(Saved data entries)
________________________________________
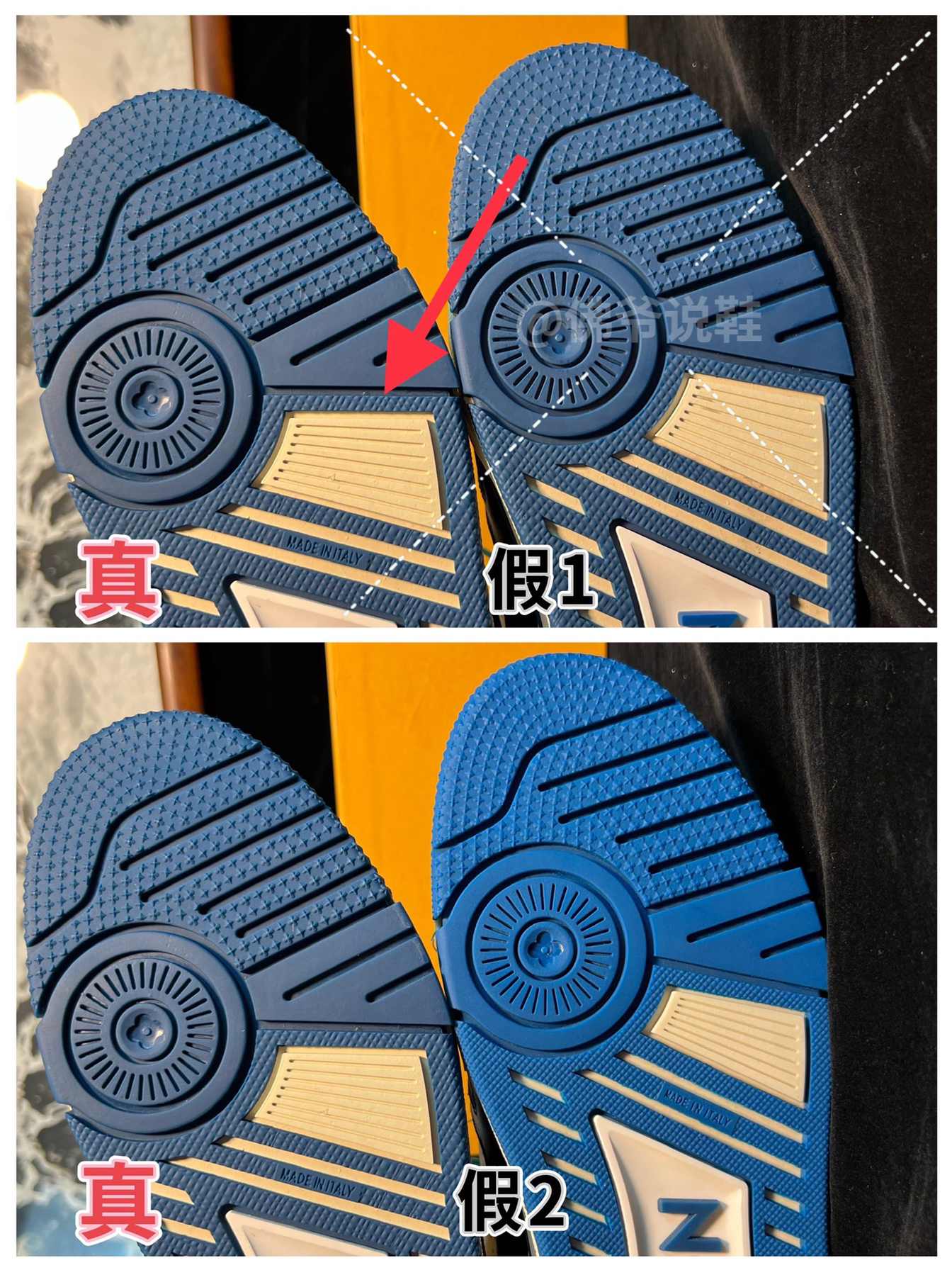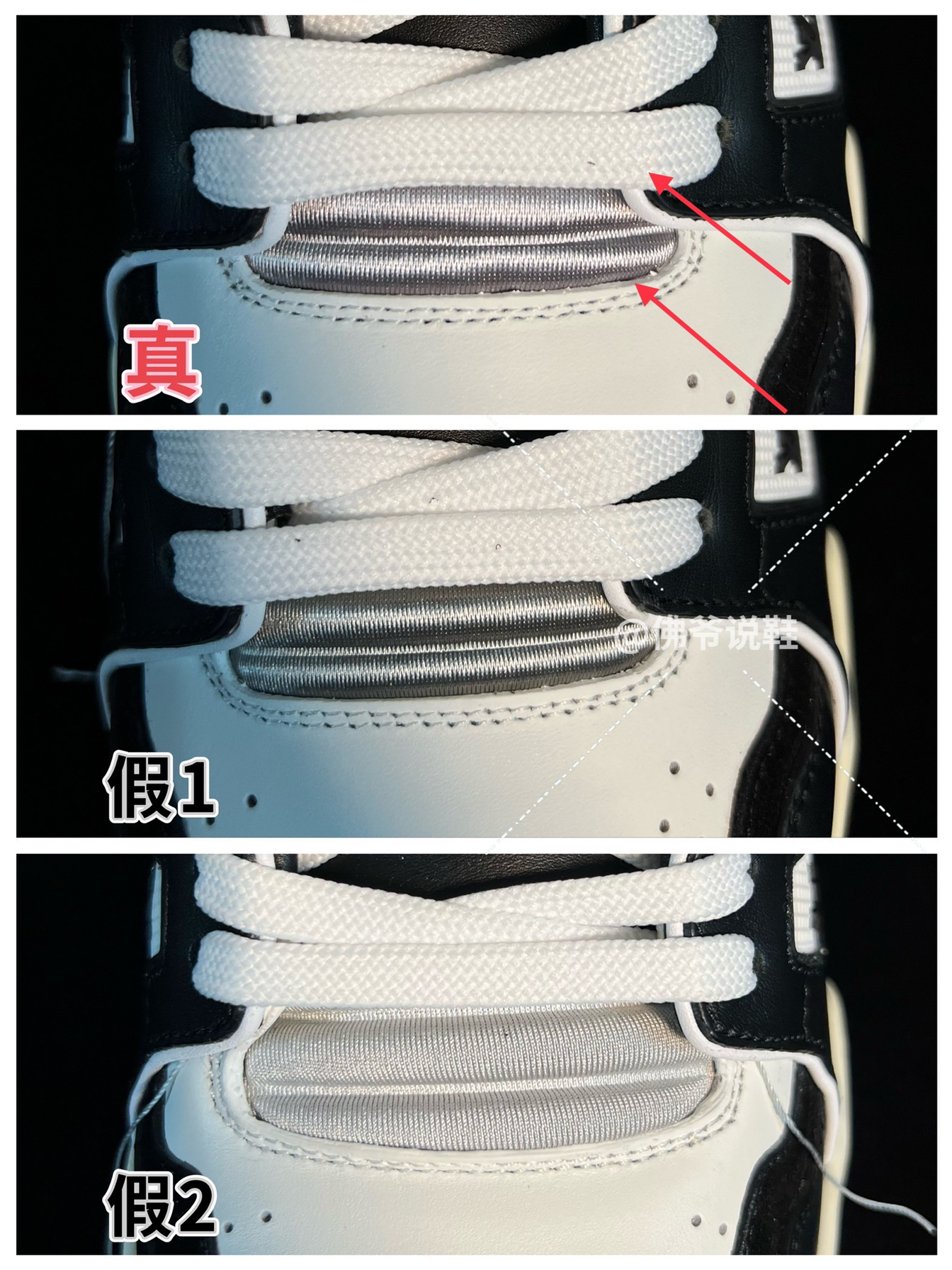 惊呆柜姐的一期,大家一起看看区别在哪里🧐? 越来越多的人喜欢,难免会有踩到雷滴! 💥一些小细节和大家说一说 1 鞋型区别 第一步还是先从整体正侧面看鞋头、后跟弧度 鞋身6根长线,均会碰到地面 2 鞋头区别 鞋头连接鞋面视觉轻微下榻、整体平整 一圈走线针距、每一针规则有序 蓝色部分两种图案组成,白色部分纹理亦是 黑色皮料纹理洁晰细膩,光泽感更强 3 鞋舌区别 logo先压印出轮廓,再喷漆(灰...
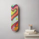 Detalhe de pintura de dois corações da pintura "Laugh". Os corações são amarelo, laranja, pêssego, rosa, magenta, e vermelho. A mídia é aquosa com brilho de vidro.
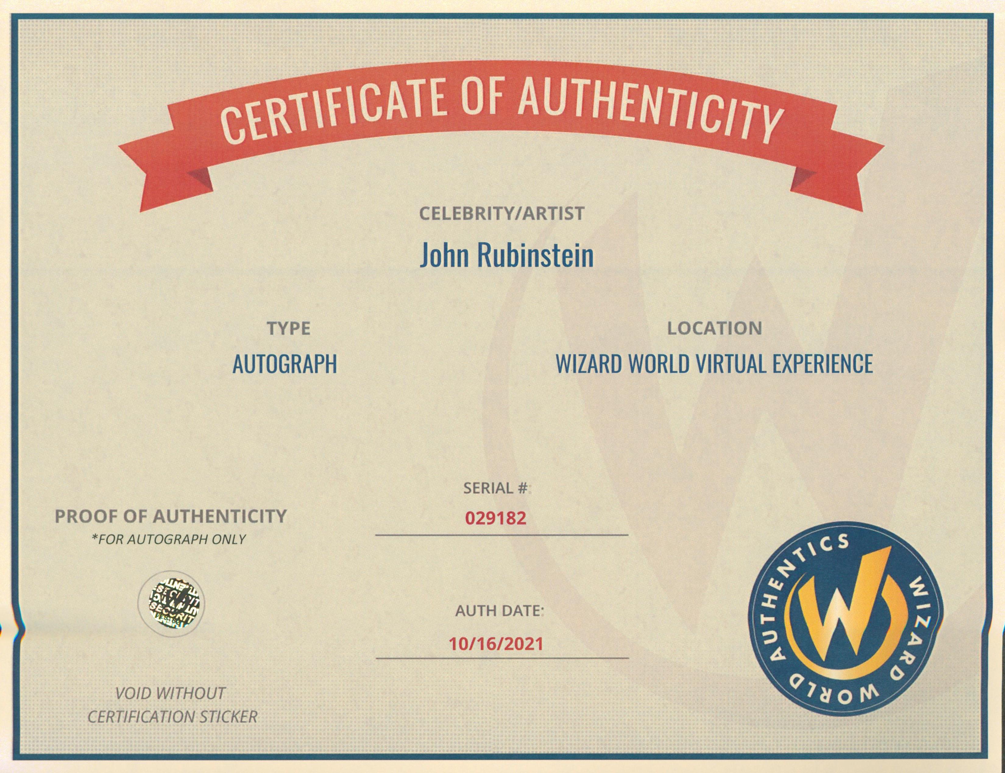 Photo measures approximately 8" x 10" in size and has been hand-signed by John Rubinstein.
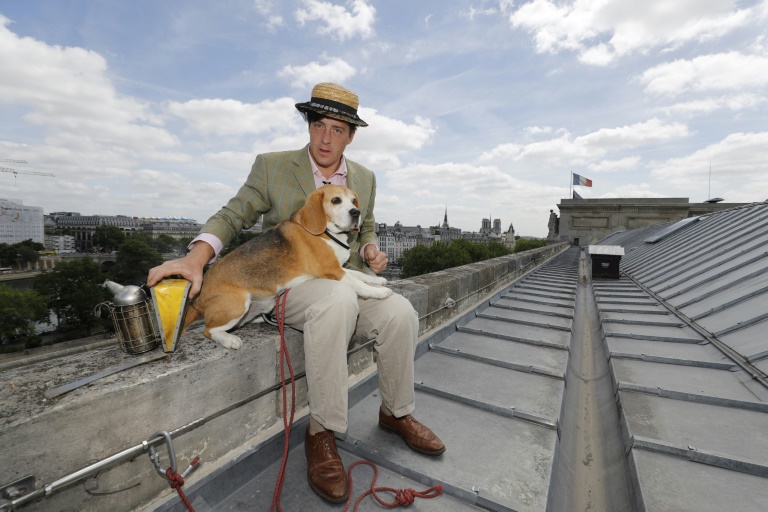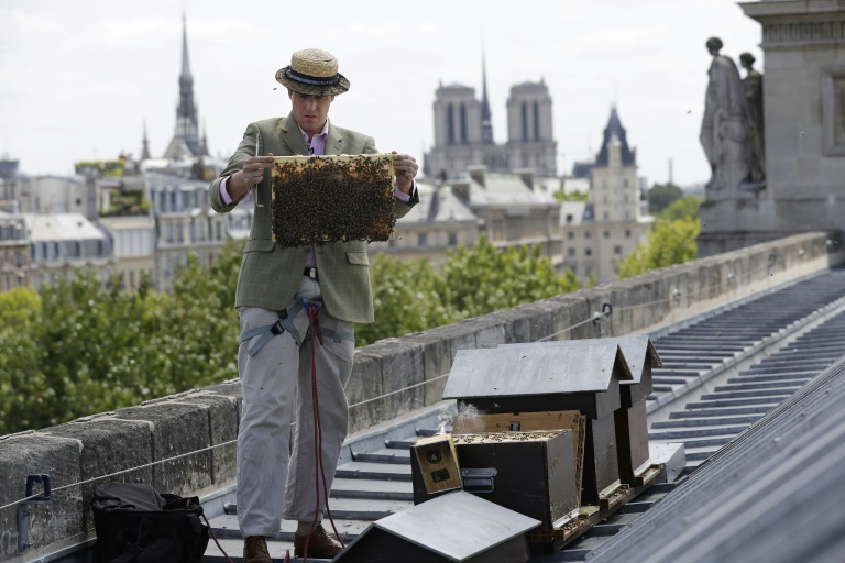 De là -haut, le regard porte loin vers la Tour Eiffel et Montparnasse. "J'ai de la chance, mon bureau est dans le ciel", sourit l'apiculteur, 34 ans, qui troque souvent la combinaison blanche professionnelle contre un simple chapeau de paille recouvert d'un filet de protection. Il a baptisé son entreprise "Le miel de Paris".
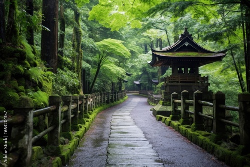 Fototapeta premium a scenic mountain path leading towards a shrine
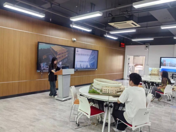 最后,社團成員鄭詩煜同學帶來了“體藝樓”的虛實模型展示。這一作品將虛擬現(xiàn)實(VR)技術與BIM模型相結合,為觀眾提供了一種全新的建筑體驗。通過VR頭盔,觀眾仿佛置身于建筑之中,可以直觀地感受到建筑的空間布局和設計細節(jié)。
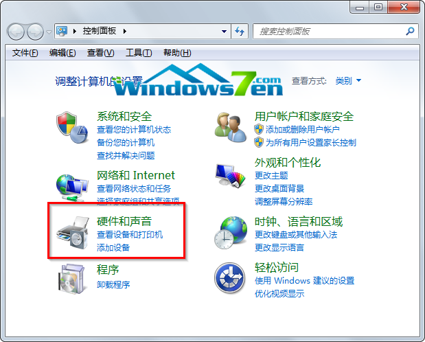 1.鼠标点击“开始”,点击控制面板—选择“硬件和声音”。如图1所示
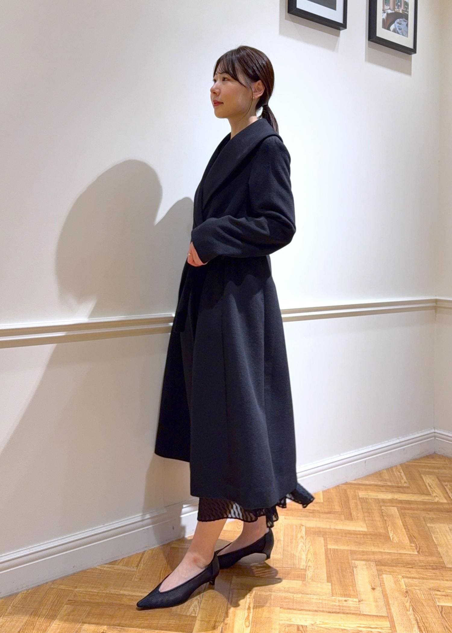 NEW!ROPÉプレミアムカシミヤ ショールカラーコート【25AW】ブラック / 38¥69,300レビュー身長165cmで38サイズを着用しています。
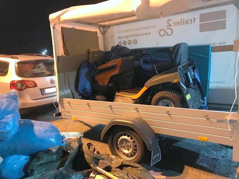 Kada je carinik, želeći da proveri o kakvim polovnim stvarima je reč, zavirio ispod cerade auto-prikolice, u njenom srednjem delu je ispod dušeka, kofera i džakova pronašao i novo vozilo za košenje i sakupljanje trave marke „huskvarna“. Prema računu koji je takođe naknadno pronađen njegova vrednost je 3.700 evra.
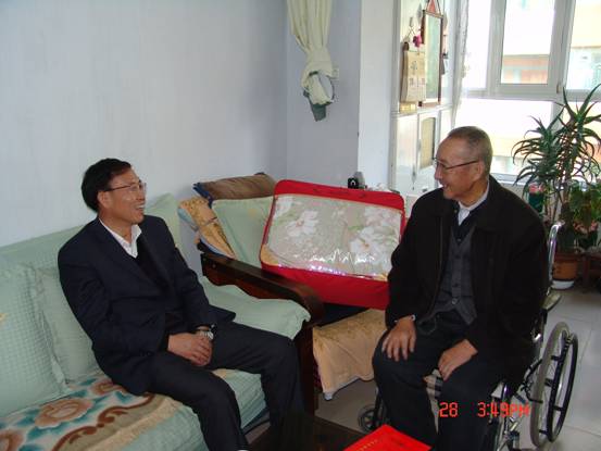 2013年1月28日,春節(jié)來臨之際,省委組織部王志明副部長在省國資委黨委副書記毛占彪、物產(chǎn)集團(tuán)領(lǐng)導(dǎo)白家林、王仁芬的陪同下,走訪慰問了集團(tuán)系統(tǒng)生活困難老黨員肖振東。王志明副部長親切地詢問肖振東的身體狀況、生活和家庭情況,發(fā)放了慰問金和慰問品,并希望他保重身體,愉快安度晚年。老黨員肖振東激動(dòng)地表示感謝黨組織的關(guān)懷,感謝上級領(lǐng)導(dǎo)的關(guān)心!
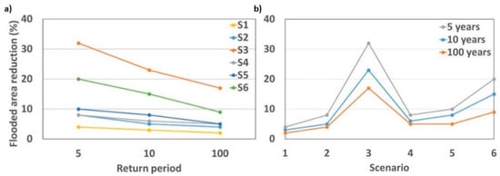 Figure 9 presents the variation in the percentage of flooded area reduction as a function of the rainfall return period and different NBS scenarios. For all scenarios, the reduction in flooded area is decreasing in the rainfall return period. This reduction is larger for scenarios S3 and S6 between 5 and 10 years, than 10 and 100 years (Figure 9a).
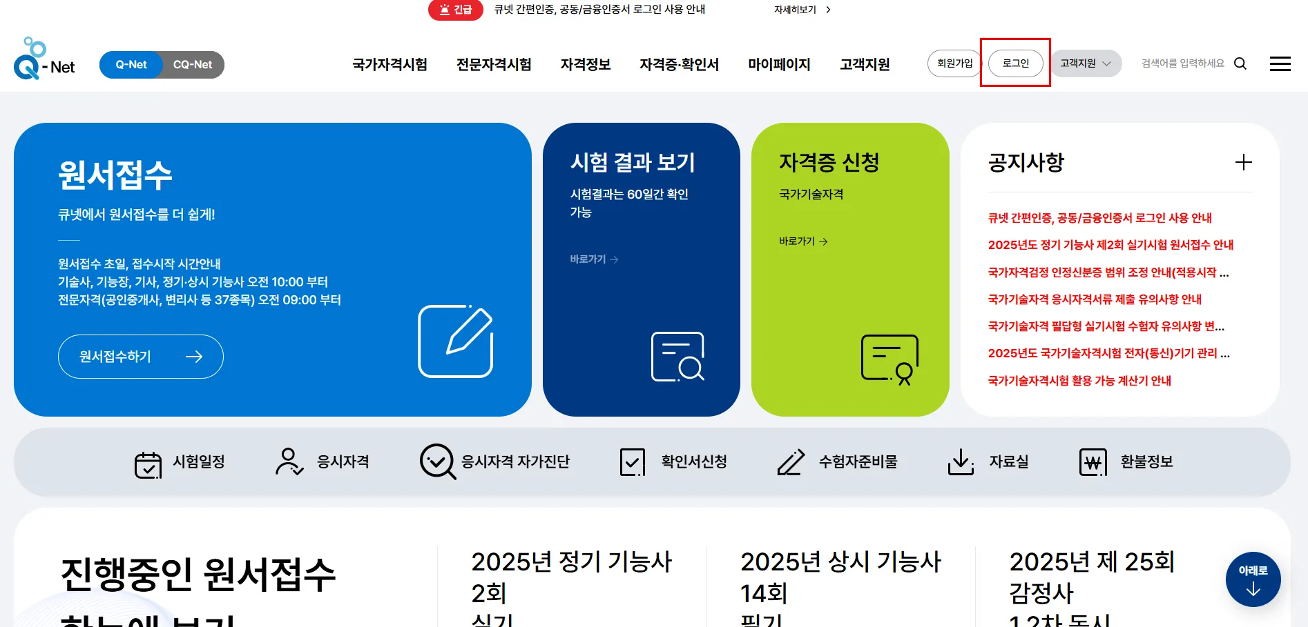 Q-net(산업인력공단 홈페이지)에 들어가서 로그인 한다.
________________________________________
TO DO: The required output is the exact run of lines from the start of the records through the line containing "Detalhe de pintura", both ends included, with no pictures.

THE ANSWER:
 惊呆柜姐的一期,大家一起看看区别在哪里🧐? 越来越多的人喜欢,难免会有踩到雷滴! 💥一些小细节和大家说一说 1 鞋型区别 第一步还是先从整体正侧面看鞋头、后跟弧度 鞋身6根长线,均会碰到地面 2 鞋头区别 鞋头连接鞋面视觉轻微下榻、整体平整 一圈走线针距、每一针规则有序 蓝色部分两种图案组成,白色部分纹理亦是 黑色皮料纹理洁晰细膩,光泽感更强 3 鞋舌区别 logo先压印出轮廓,再喷漆(灰...
 Detalhe de pintura de dois corações da pintura "Laugh". Os corações são amarelo, laranja, pêssego, rosa, magenta, e vermelho. A mídia é aquosa com brilho de vidro.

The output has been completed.